Log transform a moderate positvely skewed independent variable in lme

Jolien · September 9, 2021, 1:29pm

Hi there all!

I am running into trouble. I did an association model, but now that i look to one of the independent variables (meandailylegactivitystepsperday) more closely, i can definitely see a (moderate?) positive skew.. I am trying to transform that using log() in the model, the same way i did do this for a positively skewed dependent variable (ketosis).

I've read online that independent variables do not need to have a normal distribution for a linear model. However, another study excecuted by my teacher using partly the same dataset and using this same meandailylegactivitystepsperday did also notice the positively skewed data and did logtransform this in the models.

So i feel that i'll have to do this too but i can't seem to work it out (double () or just single () gave different errors)

Could someone help me out? Thanks in advance!

startz · September 9, 2021, 1:35pm

You are correct that there is no statistical reason to transform the independent variable. Of course, either linear or log might be a better functional form. For that matter, if you have enough data you can try including both.

Jolien · September 9, 2021, 1:38pm

Hi there startz!

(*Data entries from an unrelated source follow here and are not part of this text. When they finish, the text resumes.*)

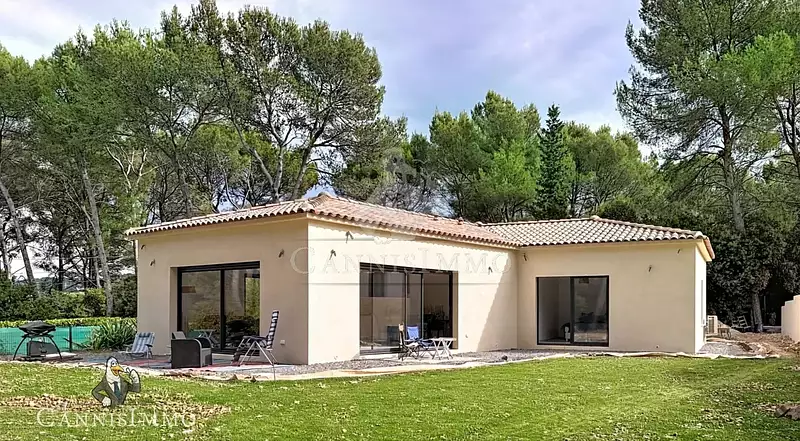 Situé dans un domaine fermé et sécurisé au coeur d' un écrin de verdure, Villa neuve de 2025 3 chambres toute entièrement neuve en cours de finition offrant une surface de 128 m2 s/terrain 1067 m2 arboré piscinable, terrasse très ensoleillée. Elle se compose d'une entrée, vaste salon cuisine américaine neuve et entièrement équipée 52 m2 exposée sud/ouest, 3 belles chambres, 2 salles de douche wc, grande buanderie. Point de vue prestations, sa construction très récente vous permettra de vous offrir toutes les dernières normes comme RE 2020, climatisation réversible, alarme, adoucisseur.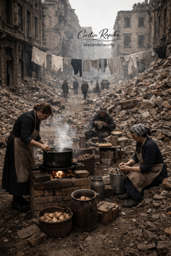 Zwischen den Trümmern wurden Feuer entzündet, Töpfe aufgestellt, Wasser geholt. Menschen taten wieder das, was Menschen immer tun mussten: Sie sorgten dafür, dass ein Tag den nächsten überstand.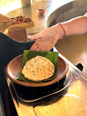 - If you are lucky enough to have banana leaves, press the balls out using your hands until they are flat and about the size of a small side plate. Alternatively, you can roll them on a board with your hand or a very lightly dusted rolling pin.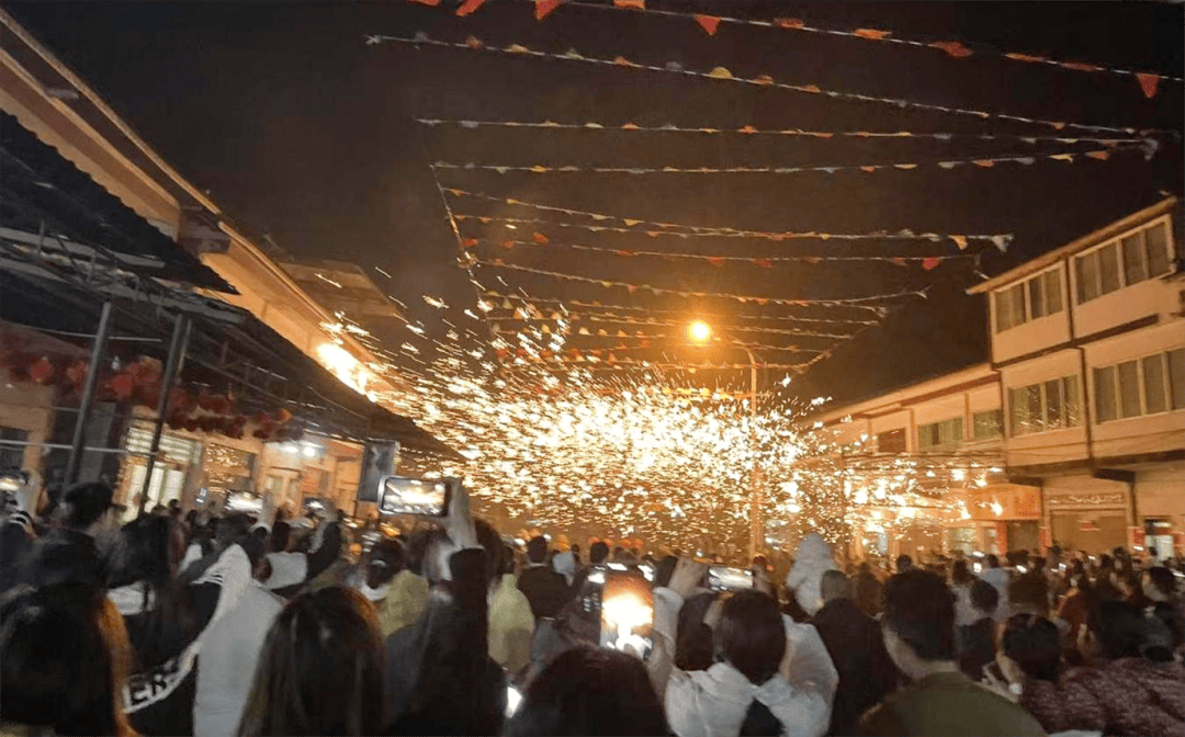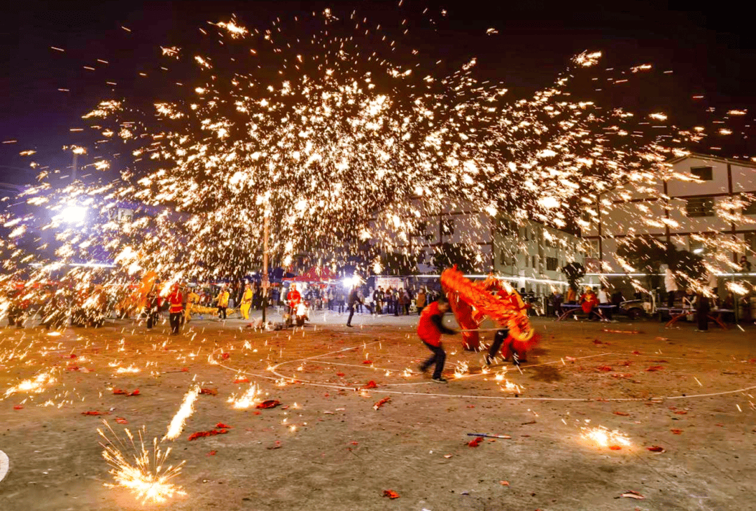 夜幕降临,龙灯表演精彩上场,金龙随着鼓点翻腾起舞,璀璨烟花与绚丽铁水火花相映成辉,点亮了洪关的夜空。随后,龙灯队伍沿街巡游祈福,所到之处,村民驻足观看、拍手称赞,纷纷用手机记录这喜庆时刻。

Thanks for taking the time for your quick reply!!

By including both: you mean two models, one with log('steps....') and one with just 'steps' i assume? So then run the same models twice?

And then: can you notice something wrong with my log() transformation? I honestly don't see it..

Thanks in advance!

startz · September 9, 2021, 1:41pm

You can run two separate regressions, but decide in advance how you will decide which one is better. (If you do this, be sure that the two regressions run on identical observations.) But I was actually suggested including both the lines and log term as independent variables in one regression and seeing if it's obvious which one "works."

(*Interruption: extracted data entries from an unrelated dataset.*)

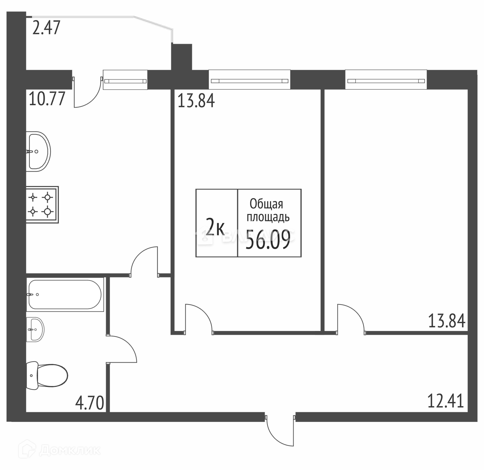 Общая площадь 56 м2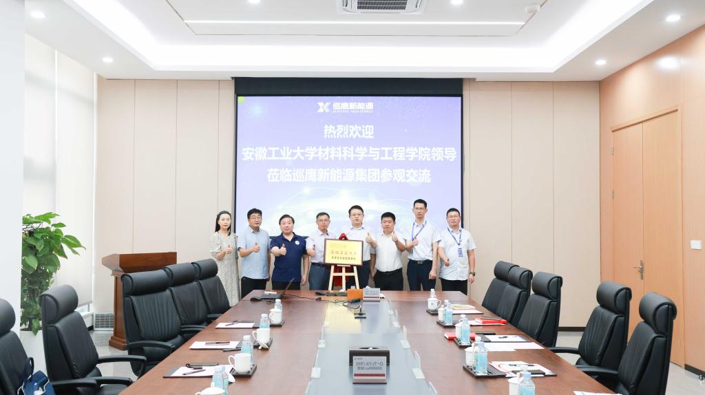 在安徽巡鹰新能源集团有限公司,柳东明一行依次参观了企业展厅及材料研发测试中心,并与集团副总经理茆海东、行政总监欧小卫、材料研究院院长宋二涛、人力资源总监李秋华,聚焦技术研发与人才培养等方面进行了深入交流。材料学院主动征询企业对人才培育的建议,并热情邀请企业来校组织招聘活动。学院向安徽巡鹰新能源集团有限公司授牌大学生社会实践基地。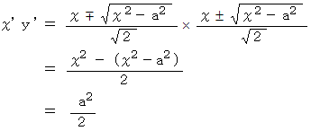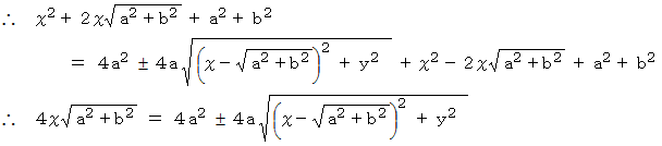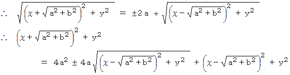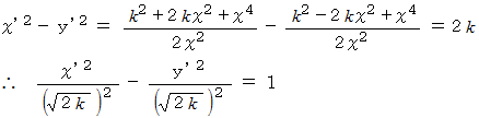 この式で表される双曲線上の点は、 次の2つの焦点からの距離の差が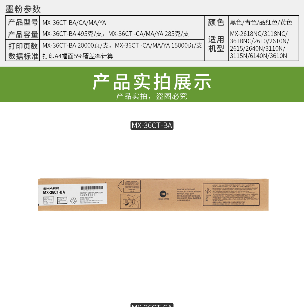 • 商品名稱:夏普(SHARP)MX-36CT-BA黑色粉 適用于MX-2618NC/3118NC/3618NC/2610/2610N/2615/2640N/3110N/3115N/6140N/3610N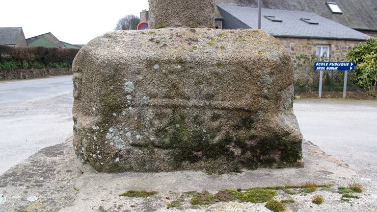 Tonquédec, le bourg, rue de la Mairie : croix de chemin, socle, vue de détail. Il porte le millésime 1819 ou 1839 (?)Immatriculation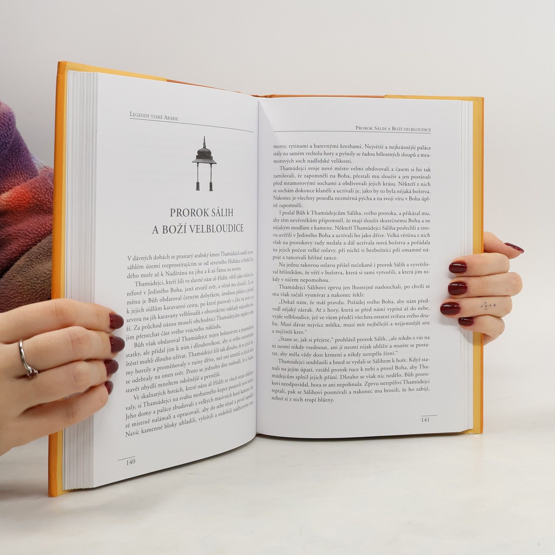Tato půvabná knížka vás zavede na výlet do starých časů... Ano, svět arabských pověstí a legend, tak obrazivý a snivý, v němž vystupují neohrožení princové, pohádkově krásné princezny, démoni, dobří džinové, nejrůznější postavičky z pozemské i nadpřirozené a kde lidé cestují na létajících kobercích a chrabří mládenci bojují s draky... Citlivě a hlubokou znalostí věci, vypráví zkušený autor příběhy, jež čtenáři otevírají bránu do pro nás exotické říše, příběhy, které jsou odrazem arabské kultury a doby, v níž byly napsány.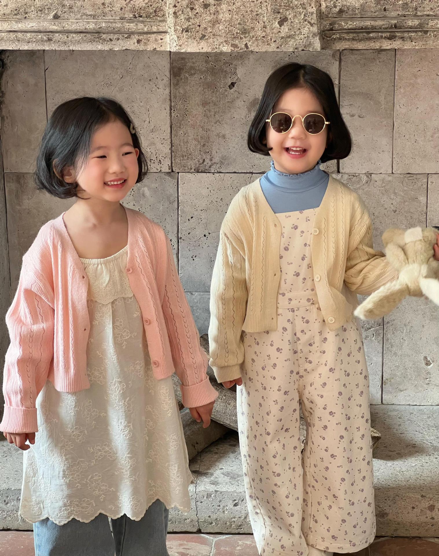 뾰족한 달걀 한국 아동복 2024 봄 새 소녀 코트 단색 니트 스웨터 카디건 짧은 얇은스토어 가기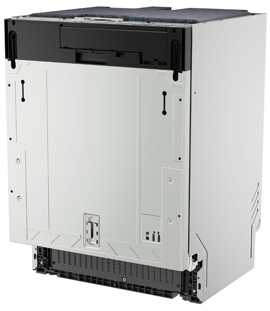 Встраиваемые устройства устанавливаются в тумбу или нишу мебельного гарнитура. В случае, если они полностью закрыты мебельным фасадом, машины считаются полностью встраиваемыми. Такое размещение позволяет сохранить единый стиль интерьера. Панель управления их также скрыта — чтобы начать работу и задать программу, дверцу придется открыть.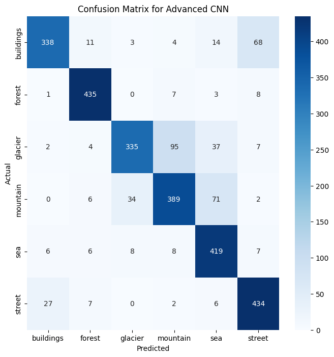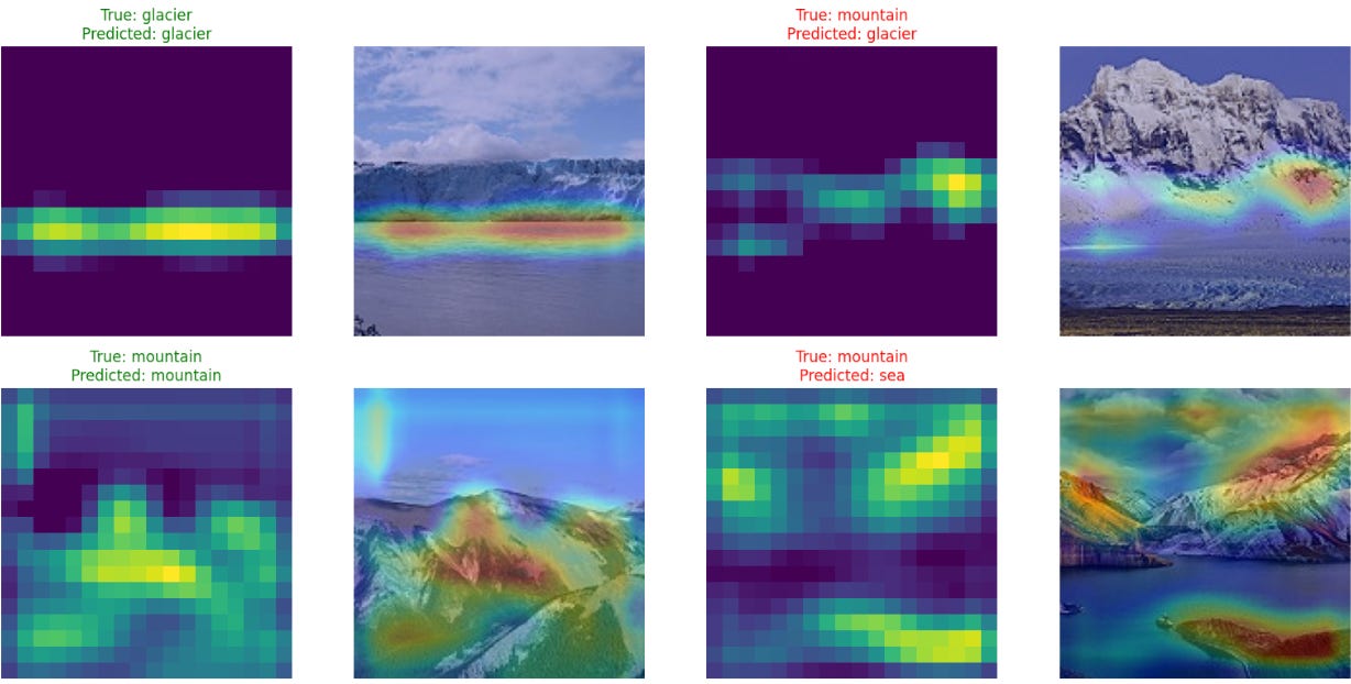 The confusion matrix confirmed the model was great at spotting “forests,” but it put a bright spotlight on our key problem: it misclassified 65 “glacier” images as “mountain” and 52 “mountain” images as “glacier”. The antagonist was real.

As a guess, does steps sometimes equal zero? That would be a problem for taking logs of course.

Jolien · September 9, 2021, 1:59pm

Whoaaa you're amazing! Yes 'steps' contains 5 zeros! That it should't have obviously but allright! Thanks so much i am gonna try to delete the 0 rows and then see what happens!

Exciteeeed this might work!

These are a lot of exclamation marks but you'll hopefully notice my gratitude.

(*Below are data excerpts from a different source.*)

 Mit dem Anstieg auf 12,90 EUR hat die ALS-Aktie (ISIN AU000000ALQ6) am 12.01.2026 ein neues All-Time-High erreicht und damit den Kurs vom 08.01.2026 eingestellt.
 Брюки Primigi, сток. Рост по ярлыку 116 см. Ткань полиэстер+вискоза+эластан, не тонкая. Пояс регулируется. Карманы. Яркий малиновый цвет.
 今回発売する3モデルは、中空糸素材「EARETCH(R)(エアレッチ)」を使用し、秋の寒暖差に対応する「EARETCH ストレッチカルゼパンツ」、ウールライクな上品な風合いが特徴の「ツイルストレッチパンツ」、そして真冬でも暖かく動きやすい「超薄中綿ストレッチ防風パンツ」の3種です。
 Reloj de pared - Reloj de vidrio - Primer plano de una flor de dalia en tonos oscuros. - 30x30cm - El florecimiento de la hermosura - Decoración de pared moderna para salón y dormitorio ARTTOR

As for the other part, i don't know how to put two the same independent variables in the model and then see which one works. However, i was thinking of making two models for log(ketosis) and steps. One being log(ketosis) ~ steps (-3, -2 and -1), and the other being log(ketosis) ~ log(steps) (-3 -2 and -1). And then using AIC to check which one is better?

Does that make as much sense as i think it does or is this the misinterpretation of someone who is educated for figuring out what is wrong with animals instead of data?

Then: if i can use the AIC scores, can i just do one comparison (one with log(steps) and one with normal steps) and say: hey, AIC score for (for example) normal steps is lower than the model with log(steps), so based on this i can say, for all the models (i have different ones with different random factors and different outcome variables) i can use normal steps? (if it wasn't obvious by now, english is not my native language and i am struggling to explain myself properly).

Thanks!

startz · September 9, 2021, 2:14pm

Using the AIC is perfectly reasonable. But remember that if you eliminate observations with steps==0 from the log equation you have to eliminate them from the linear version as well before making the comparison.

(Your English is pretty darn good!)

Jolien · September 9, 2021, 2:26pm

Thanks again startz! You are making my day!

I eliminated the 0 values in the original csv dataset in excel just now! The safest way for me hehe. And i re-uploaded the dataset and am running all the 'steps' models again. So both the log and linear function don't have any zeros anymore.

I guess the biggest question left for me is, do i need to separately run all the models containing 'steps' again with log(steps), or can just one (two?) comparison model suffice? Or maybe two as i am making association models for either behaviour - calcium (with or without random factors farm, parity and farm&parity) and behaviour - ketosis (same random factors configuration) .

I've attached the screenshots below to better explain (visualization is key, isn't it?) the issue. I can imagine there being a far more efficient way to run the different models as this was just repeated work every time (and then the same but for calcium instead of ketosis, and then the same but for eating, ruminating, lying and walking instead of walking... go figure the time haha). But i am already very fond that all of these are actually running without errors and that i understand them.

I hope this question is clear!

Thanks again!

P.S.: logtransformation does work now that i have eliminated the zeroes!

startz · September 9, 2021, 2:50pm

There isn't a clear statistical answer. Since you know about animals, you might use your judgement as to whether the effects of the independent variables are likely to be similar for different outcomes!

Jolien · September 9, 2021, 3:44pm

That will do! Thanks a lot startz, you've been of great help.

I am going to think long and hard and then i think i will judge that as there are no statistical reasons to transform the independent variable, i will keep it this way ;).

Really, thanks again for all the tips!

Have a nice day!

system · September 16, 2021, 3:44pm

This topic was automatically closed 7 days after the last reply. New replies are no longer allowed.

If you have a query related to it or one of the replies, start a new topic and refer back with a link.